**Instructions to follow**
Print the listing below verbatim, passing over each picture.

**Records for this task**
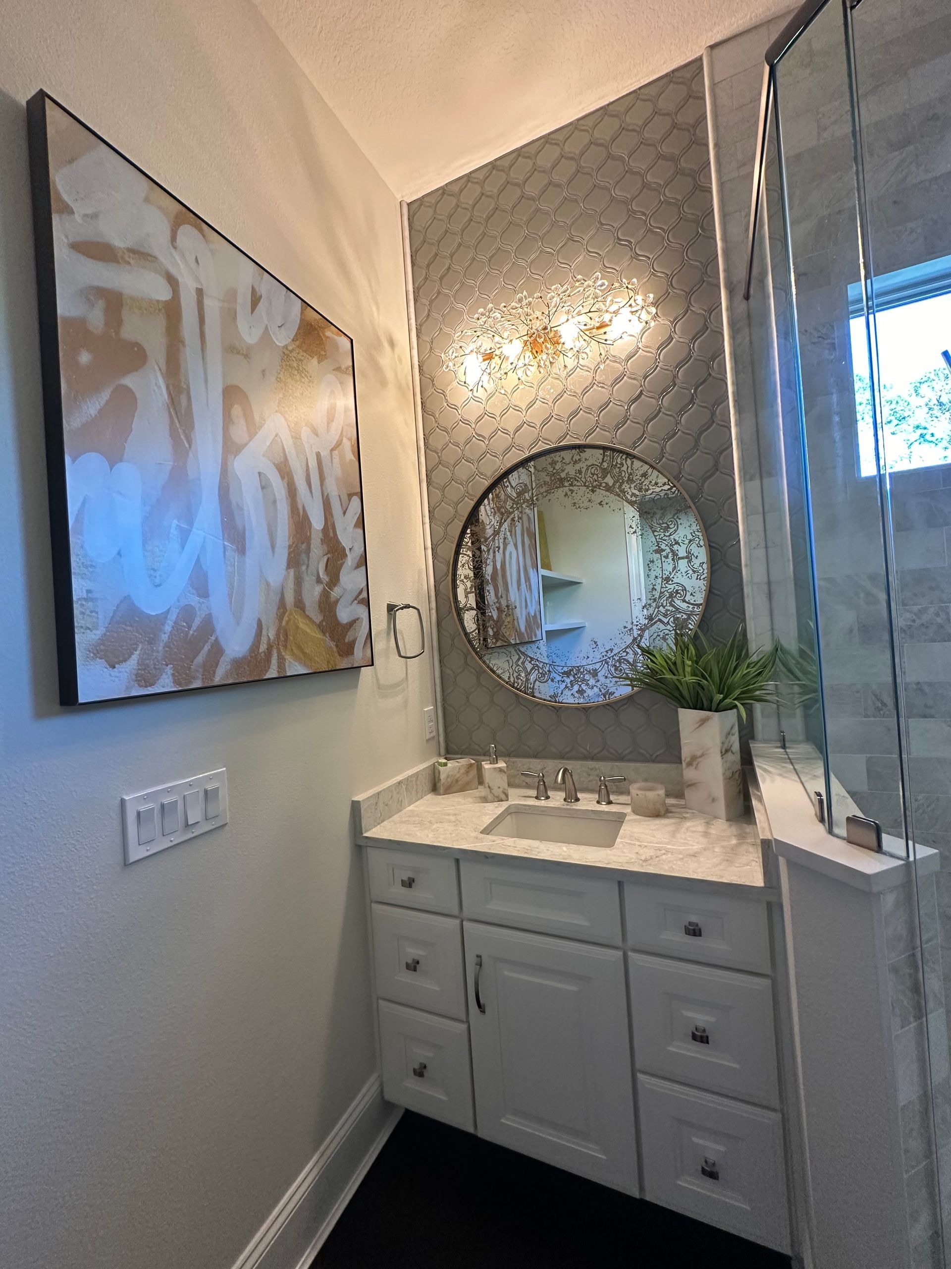 Working with this wonderful couple on their home remodel was a joy! They had a clear vision—timeless yet uniquely theirs—and we guided them through every step. From custom cabinetry and luxurious textures to stunning lighting and statement pieces, we created a warm, elegant space that exceeded their dreams. Seeing their excitement as it all came together was the best part!
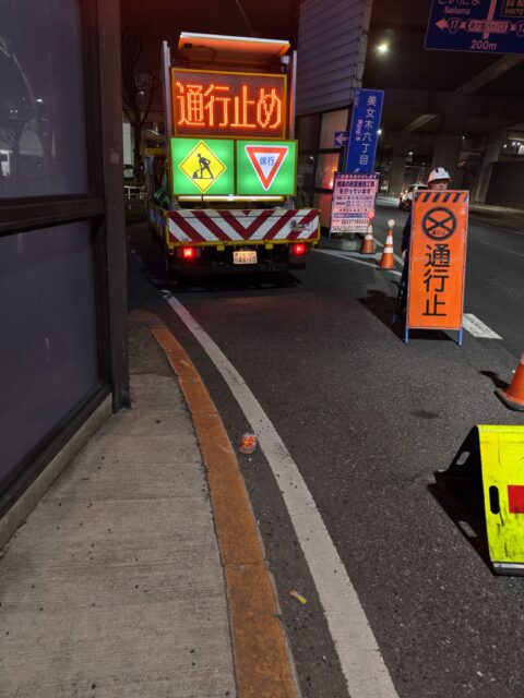 東京外環自動車道下の国道298号線の側道通行止め規制を行いました。
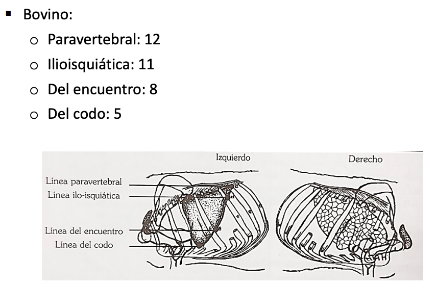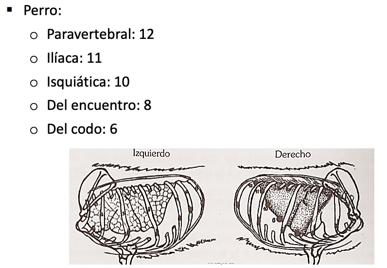 | Especie | Paravertebral | Ilíaca / Ilioisquiática | Encuentro | Codo |
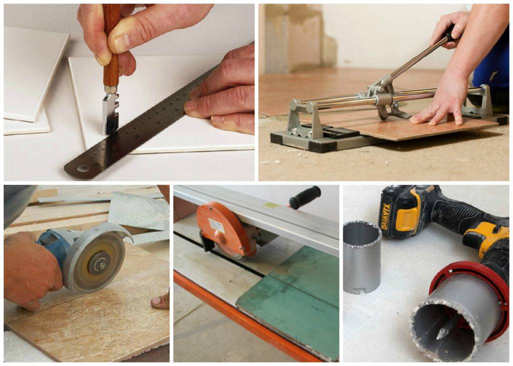 Резку керамики производят, используя электрический плиткорез. По мнению опытных плиточников, смоченная плитка режется ровнее, чем сухая. Замачивают ее на 30-60 минут. Плиткорез используют для резки материала толщиной больше 10 мм. Более тонкие экземпляры режут стеклорезом. Резку ведут плавными движениями, не применяя грубую силу, чтобы изделие не треснуло.
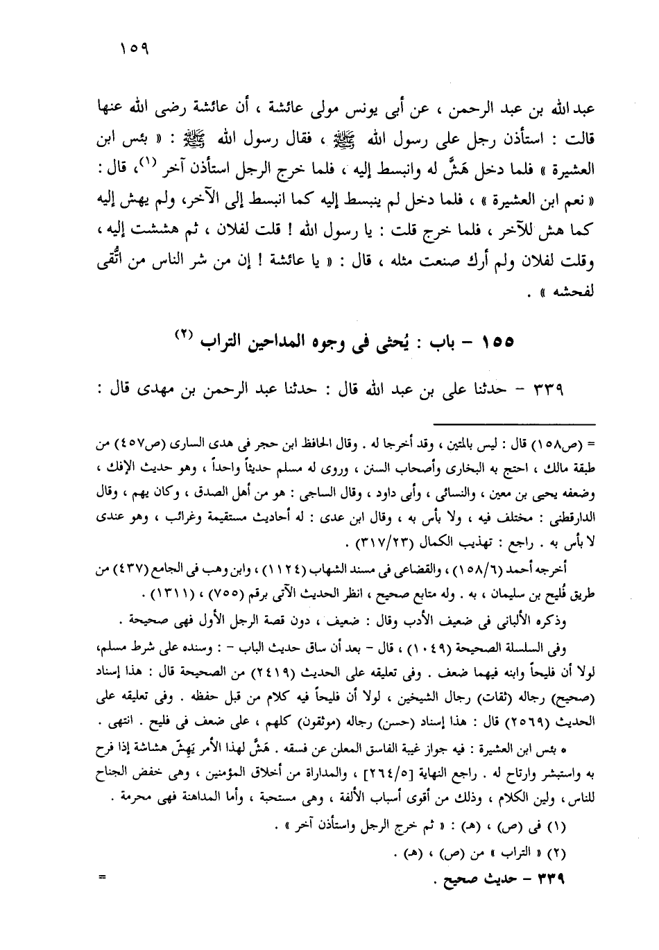 339- حَدثنا مُحَمَّدٍ، قَالَ: حَدثنا عَلِيُّ بْنُ عَبْدِ اللهِ، قَالَ: حَدثنا عَبْدُ الرَّحْمَنِ بْنُ مَهْدِيٍّ، قَالَ: حَدثنا سُفْيَانُ بْنُ سَعِيدٍ، عَنْ حَبِيبِ بْنِ أَبِي ثَابِتٍ، عَنْ مُجَاهِدٍ، عَنْ أَبِي مَعْمَرٍ قَالَ: قَامَ رَجُلٌ يُثْنِي عَلَى أَمِيرٍ مِنَ الأُمَرَاءِ، فَجَعَلَ الْمِقْدَادُ يَحْثِي فِي وَجْهِهِ التُّرَابَ، وَقَالَ: أَمَرَنَا رَسُولُ اللهِ صَلى الله عَلَيهِ وسَلم أَنْ نَحْثِيَ فِي وُجُوهِ الْمَدَّاحِينَ التُّرَابَ.
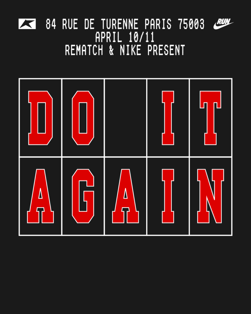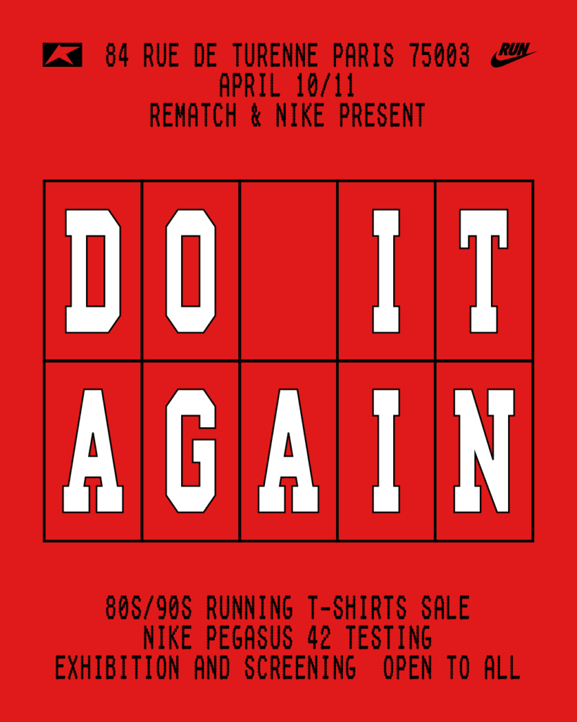 Pour tous ceux qui sont fan comme nous de vieux (et beaux) tee-shirts liés à la course à pied, nos amis de Rematch sont de retour pour le week-end du marathon de Paris. Avec Nike, ils présentent un concept autour de l’obsession du coureur. Ce truc irrationnel qui nous fait retourner courir alors qu’on est déjà sec. Encore une fois, malgré la fatigue, les douleurs, l’accumulation des kilomètres. En boucle.
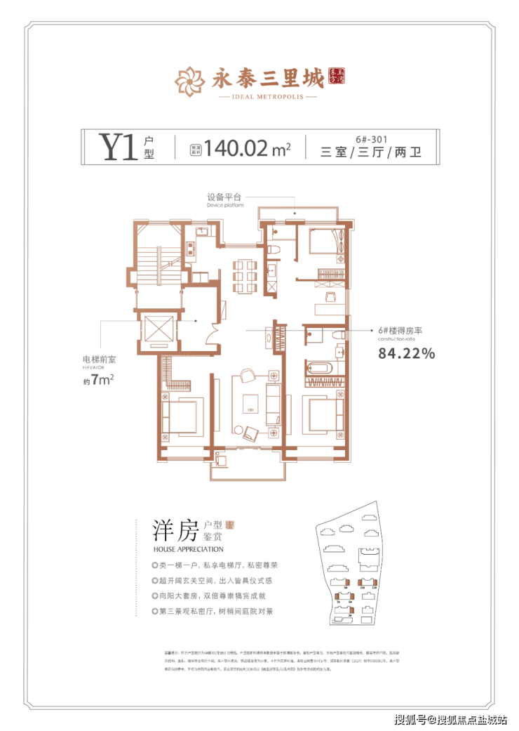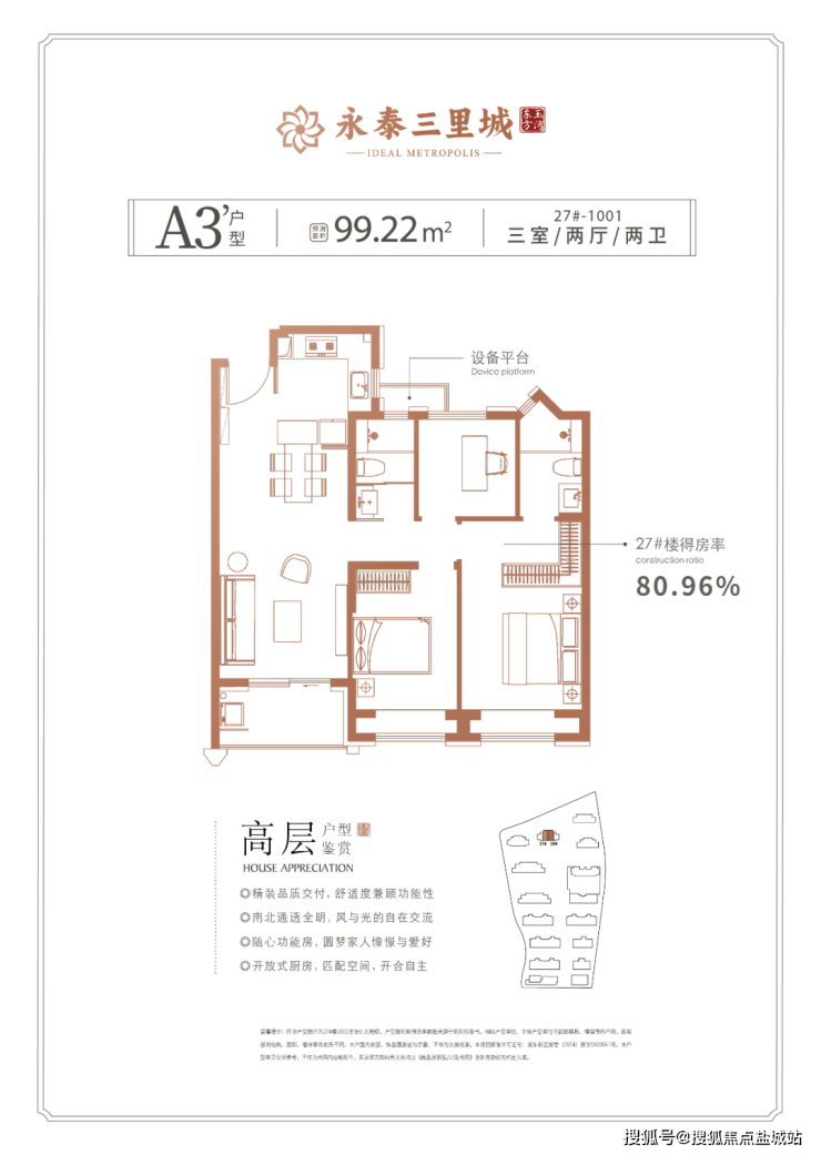 这3个户型三开间朝南、室内“朝南2飘窗+1阳台”、再加上“2卫”、“动静分离”的设计,不管是采光、视野、通风、私密性,还是实用性都十分出色。
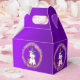 A purple unicon favour box with baby unicorns inside large circles of golden glitter, on a purple background. This unicorn gift box would be ideal for any unicorn party or celebration.

**Answer**
 Working with this wonderful couple on their home remodel was a joy! They had a clear vision—timeless yet uniquely theirs—and we guided them through every step. From custom cabinetry and luxurious textures to stunning lighting and statement pieces, we created a warm, elegant space that exceeded their dreams. Seeing their excitement as it all came together was the best part!
 東京外環自動車道下の国道298号線の側道通行止め規制を行いました。
 | Especie | Paravertebral | Ilíaca / Ilioisquiática | Encuentro | Codo |
 Резку керамики производят, используя электрический плиткорез. По мнению опытных плиточников, смоченная плитка режется ровнее, чем сухая. Замачивают ее на 30-60 минут. Плиткорез используют для резки материала толщиной больше 10 мм. Более тонкие экземпляры режут стеклорезом. Резку ведут плавными движениями, не применяя грубую силу, чтобы изделие не треснуло.
 339- حَدثنا مُحَمَّدٍ، قَالَ: حَدثنا عَلِيُّ بْنُ عَبْدِ اللهِ، قَالَ: حَدثنا عَبْدُ الرَّحْمَنِ بْنُ مَهْدِيٍّ، قَالَ: حَدثنا سُفْيَانُ بْنُ سَعِيدٍ، عَنْ حَبِيبِ بْنِ أَبِي ثَابِتٍ، عَنْ مُجَاهِدٍ، عَنْ أَبِي مَعْمَرٍ قَالَ: قَامَ رَجُلٌ يُثْنِي عَلَى أَمِيرٍ مِنَ الأُمَرَاءِ، فَجَعَلَ الْمِقْدَادُ يَحْثِي فِي وَجْهِهِ التُّرَابَ، وَقَالَ: أَمَرَنَا رَسُولُ اللهِ صَلى الله عَلَيهِ وسَلم أَنْ نَحْثِيَ فِي وُجُوهِ الْمَدَّاحِينَ التُّرَابَ.
 Pour tous ceux qui sont fan comme nous de vieux (et beaux) tee-shirts liés à la course à pied, nos amis de Rematch sont de retour pour le week-end du marathon de Paris. Avec Nike, ils présentent un concept autour de l’obsession du coureur. Ce truc irrationnel qui nous fait retourner courir alors qu’on est déjà sec. Encore une fois, malgré la fatigue, les douleurs, l’accumulation des kilomètres. En boucle.
 这3个户型三开间朝南、室内“朝南2飘窗+1阳台”、再加上“2卫”、“动静分离”的设计,不管是采光、视野、通风、私密性,还是实用性都十分出色。
 A purple unicon favour box with baby unicorns inside large circles of golden glitter, on a purple background. This unicorn gift box would be ideal for any unicorn party or celebration.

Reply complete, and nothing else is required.